Dataset excerpts:
▬▬▬▬▬▬
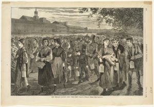 Catholic and Jewish Germans transformed regions of the republic. Although records are sparse, New York’s Jewish population rose from approximately five hundred in 1825 to forty thousand in 1860.[46] Similar gains were seen in other American cities. Jewish immigrants hailing from southwestern Germany and parts of occupied Poland moved to the United States through chain migration and as family units. Unlike other Germans, Jewish immigrants rarely settled in rural areas. Once established, Jewish immigrants found work in retail, commerce, and artisanal occupations such as tailoring. They quickly found their footing and established themselves as an intrinsic part of the American market economy. Just as Irish immigrants shaped the urban landscape through the construction of churches and Catholic schools, Jewish immigrants erected synagogues and made their mark on American culture.
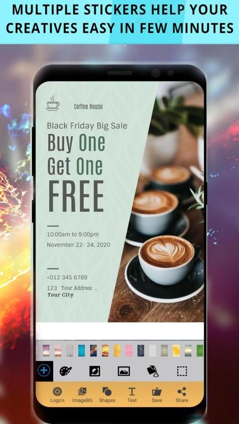 Create promotional posters, advertisement, offer announcements, cover photos on the go with amazing backgrounds, texture, effects, fonts, sticker and get the attention you want.
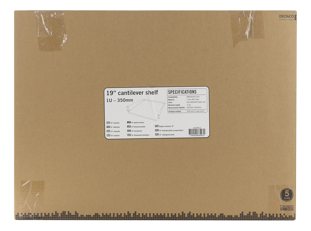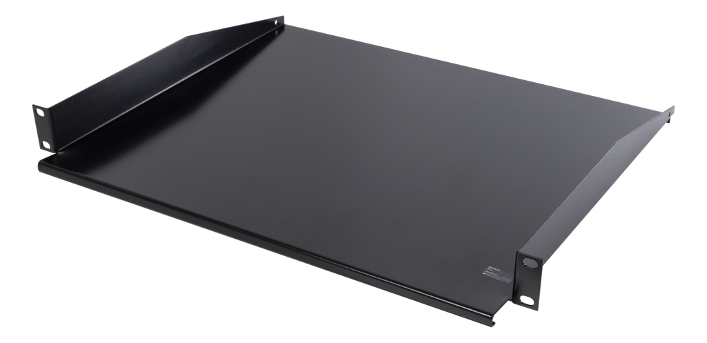 Produktbeskrivning DELTACO, 19" fast hylla, 1U, 381mm djup, max 8kg, svartDen bygger ut 30mm från 19" vinklarna.
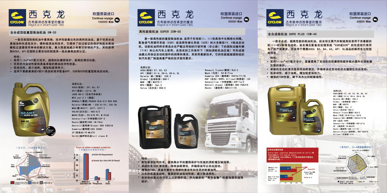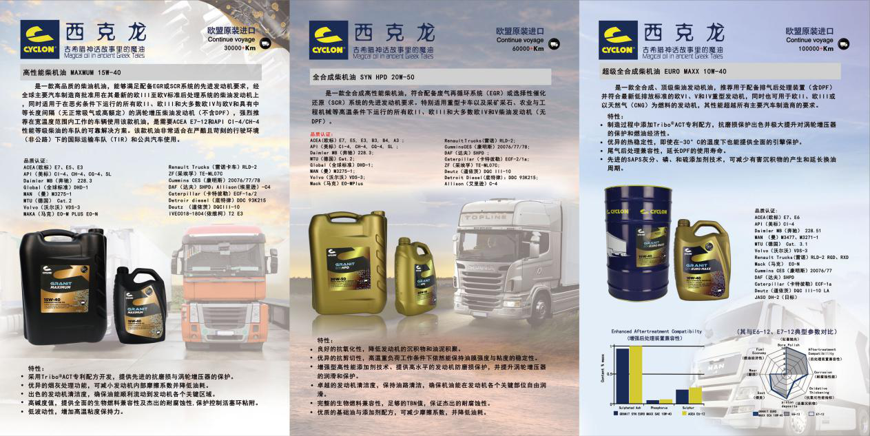 其西克龙润滑油系列之卡车油品各种型号的换油周期从30000+公里到60000+公里,再到100000+公里一应俱全,可满足广大卡友的个性化选择。
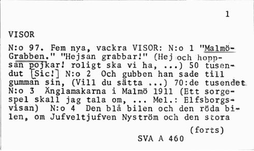 //// 1 //// VISOR //// N:o 97. Fem nya, vackra VISOR: N:o 1 "Malmö-Grabben." "Hejsan grabbarJ" (Hej och hoppsan pojkar.' roligt ska vi ha, ...) 50 tusen-dut [Sic.'3 N:o 2 Och gubben han sade till gumman sin, (Vill du sätta ,..) 70:de tusendet N:o 3 Änglamakarna i Malmö 1911 (Ett sorgespel skall jag tala om, ... Mel.: Elfsborgs-visan) N:o 4 Den blå bilen och den röda bilen, om Jufveltjufven Nyström och den stora //// (forts) //// SVA A 46 0 ////
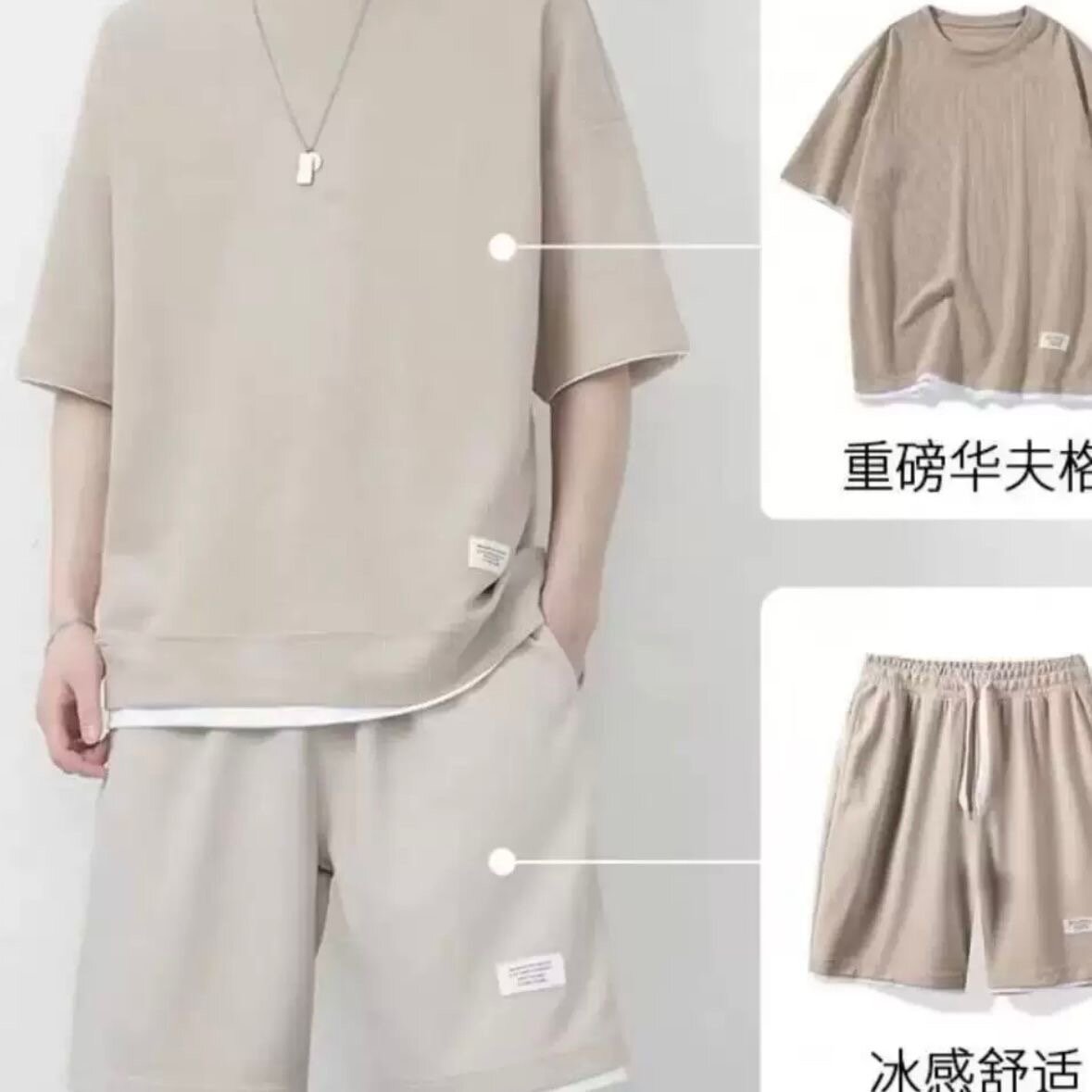 Ensemble short et t-shirt pour homme, idéal pour l'été. Confortable et respirant, parfait pour les journées chaudes. Style décontracté pour une allure moderne.
▬▬▬▬▬▬
[Problem to solve] The copy must match each record exactly, apart from the images, which stay out.

[Output of the task]
 Catholic and Jewish Germans transformed regions of the republic. Although records are sparse, New York’s Jewish population rose from approximately five hundred in 1825 to forty thousand in 1860.[46] Similar gains were seen in other American cities. Jewish immigrants hailing from southwestern Germany and parts of occupied Poland moved to the United States through chain migration and as family units. Unlike other Germans, Jewish immigrants rarely settled in rural areas. Once established, Jewish immigrants found work in retail, commerce, and artisanal occupations such as tailoring. They quickly found their footing and established themselves as an intrinsic part of the American market economy. Just as Irish immigrants shaped the urban landscape through the construction of churches and Catholic schools, Jewish immigrants erected synagogues and made their mark on American culture.
 Create promotional posters, advertisement, offer announcements, cover photos on the go with amazing backgrounds, texture, effects, fonts, sticker and get the attention you want.
 Produktbeskrivning DELTACO, 19" fast hylla, 1U, 381mm djup, max 8kg, svartDen bygger ut 30mm från 19" vinklarna.
 其西克龙润滑油系列之卡车油品各种型号的换油周期从30000+公里到60000+公里,再到100000+公里一应俱全,可满足广大卡友的个性化选择。
 //// 1 //// VISOR //// N:o 97. Fem nya, vackra VISOR: N:o 1 "Malmö-Grabben." "Hejsan grabbarJ" (Hej och hoppsan pojkar.' roligt ska vi ha, ...) 50 tusen-dut [Sic.'3 N:o 2 Och gubben han sade till gumman sin, (Vill du sätta ,..) 70:de tusendet N:o 3 Änglamakarna i Malmö 1911 (Ett sorgespel skall jag tala om, ... Mel.: Elfsborgs-visan) N:o 4 Den blå bilen och den röda bilen, om Jufveltjufven Nyström och den stora //// (forts) //// SVA A 46 0 ////
 Ensemble short et t-shirt pour homme, idéal pour l'été. Confortable et respirant, parfait pour les journées chaudes. Style décontracté pour une allure moderne.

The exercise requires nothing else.